→ PROBLEM REQUIREMENTS
The required output is the lines below from the line containing "首先,提升战斗力最简单的方法" to the line containing "Formulated with omega-3", inclusive, retyped exactly. No other lines belong in it.

→ RECORDS PROVIDED

======

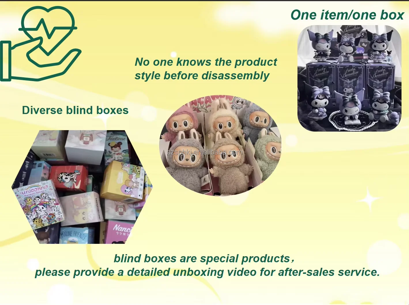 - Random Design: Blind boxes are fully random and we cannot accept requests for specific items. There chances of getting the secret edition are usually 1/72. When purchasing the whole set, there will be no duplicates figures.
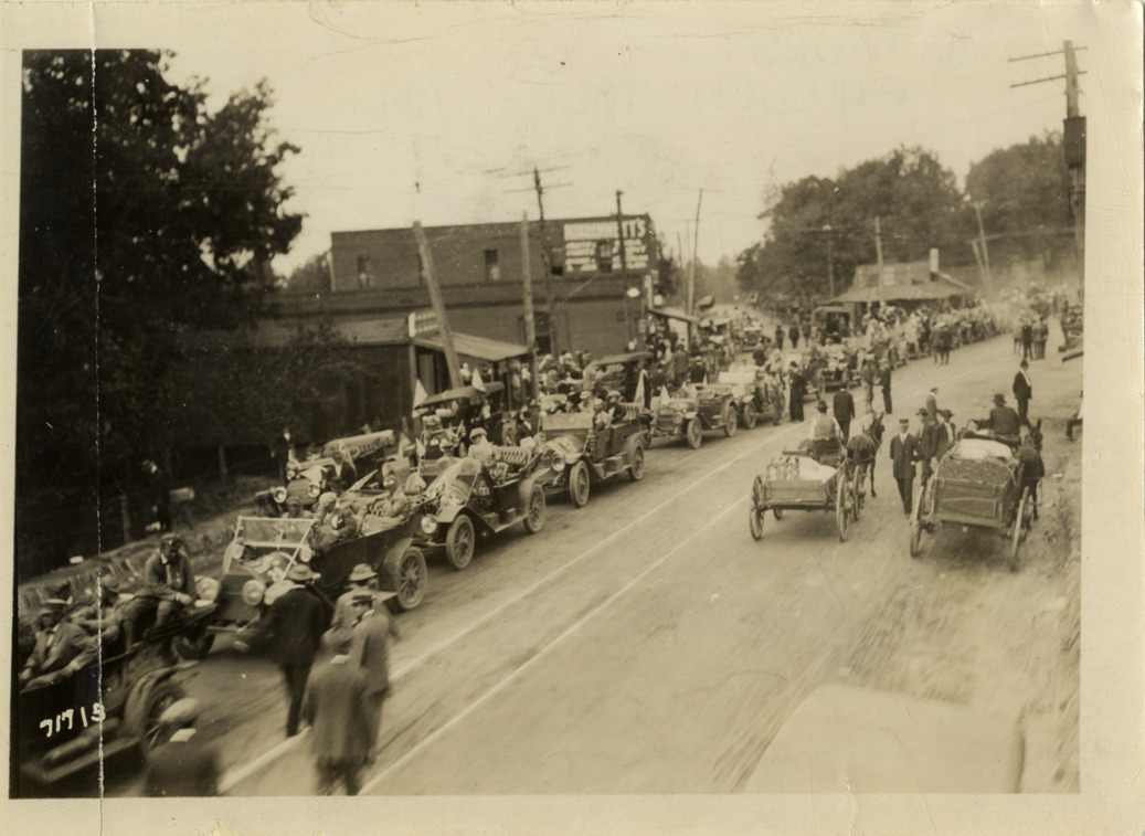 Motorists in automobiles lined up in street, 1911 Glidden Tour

======

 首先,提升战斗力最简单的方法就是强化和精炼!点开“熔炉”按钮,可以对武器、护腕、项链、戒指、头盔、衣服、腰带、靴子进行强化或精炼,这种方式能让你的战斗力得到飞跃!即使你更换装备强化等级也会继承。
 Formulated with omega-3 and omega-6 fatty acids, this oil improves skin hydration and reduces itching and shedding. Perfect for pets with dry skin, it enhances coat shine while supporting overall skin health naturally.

======

→ SOLUTION
 首先,提升战斗力最简单的方法就是强化和精炼!点开“熔炉”按钮,可以对武器、护腕、项链、戒指、头盔、衣服、腰带、靴子进行强化或精炼,这种方式能让你的战斗力得到飞跃!即使你更换装备强化等级也会继承。
 Formulated with omega-3 and omega-6 fatty acids, this oil improves skin hydration and reduces itching and shedding. Perfect for pets with dry skin, it enhances coat shine while supporting overall skin health naturally.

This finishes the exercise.